▶ ASSIGNMENT: Could the data below be printed out exactly, with the pictures left out?

▶ INPUT DATA:
▼▼▼

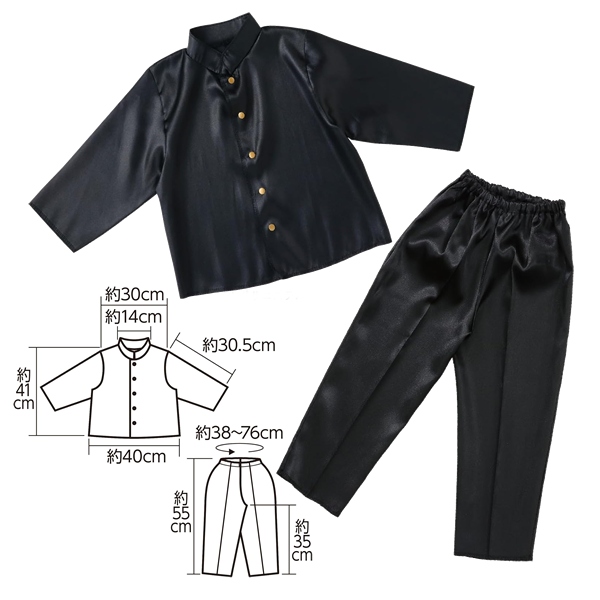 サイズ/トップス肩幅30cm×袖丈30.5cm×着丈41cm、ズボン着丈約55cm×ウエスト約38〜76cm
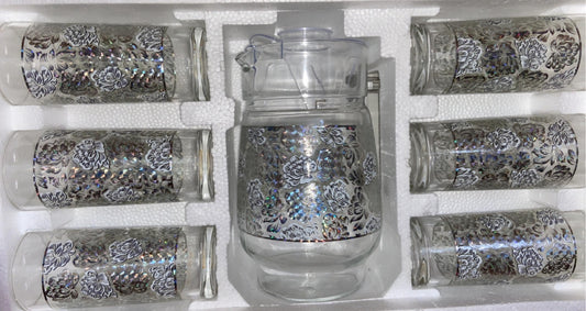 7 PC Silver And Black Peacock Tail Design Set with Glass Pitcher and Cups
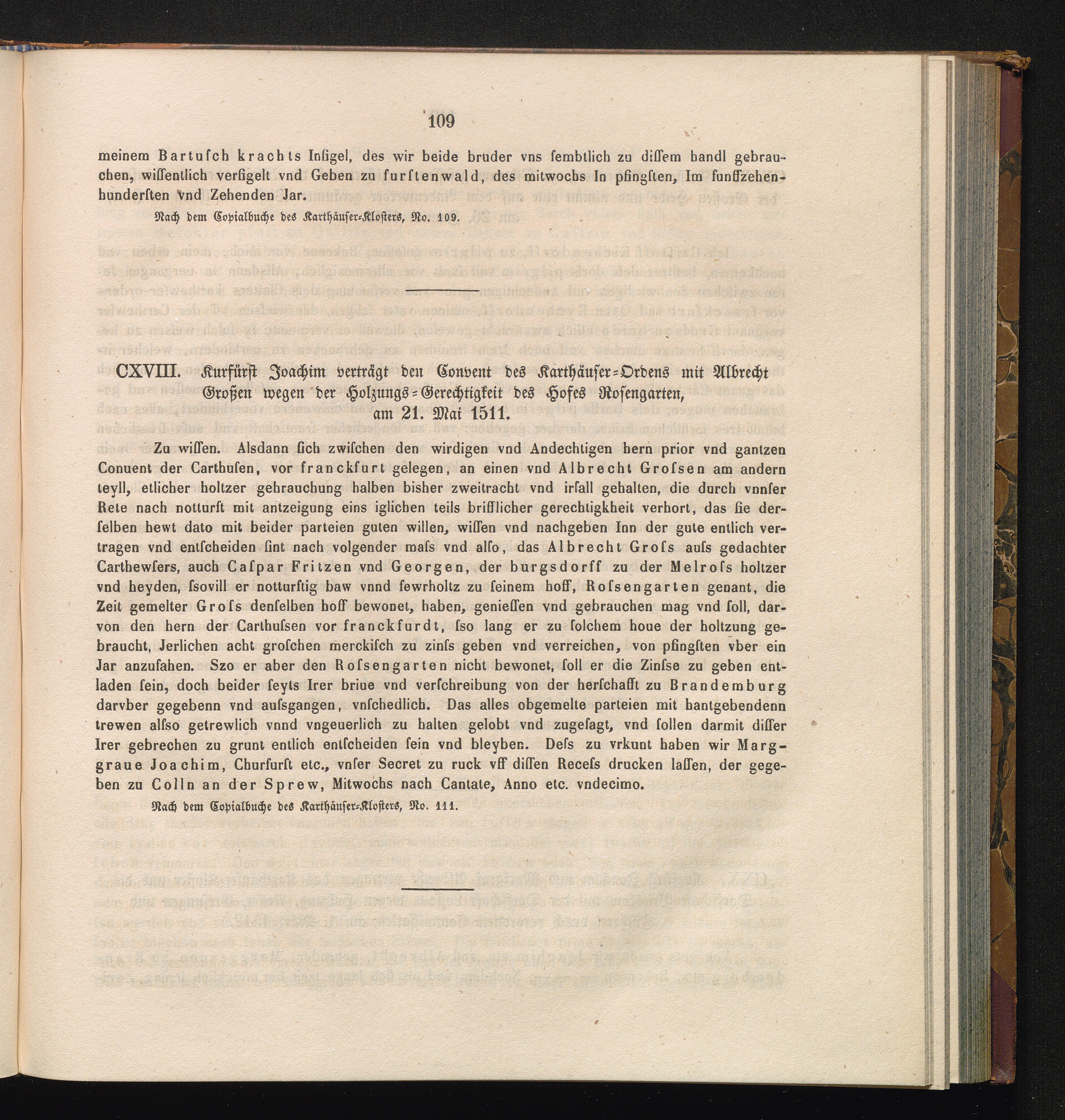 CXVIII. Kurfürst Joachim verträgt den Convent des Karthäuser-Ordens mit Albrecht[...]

▲▲▲

▶ SOLUTION FOR THIS PROBLEM:
 サイズ/トップス肩幅30cm×袖丈30.5cm×着丈41cm、ズボン着丈約55cm×ウエスト約38〜76cm
 7 PC Silver And Black Peacock Tail Design Set with Glass Pitcher and Cups
 CXVIII. Kurfürst Joachim verträgt den Convent des Karthäuser-Ordens mit Albrecht[...]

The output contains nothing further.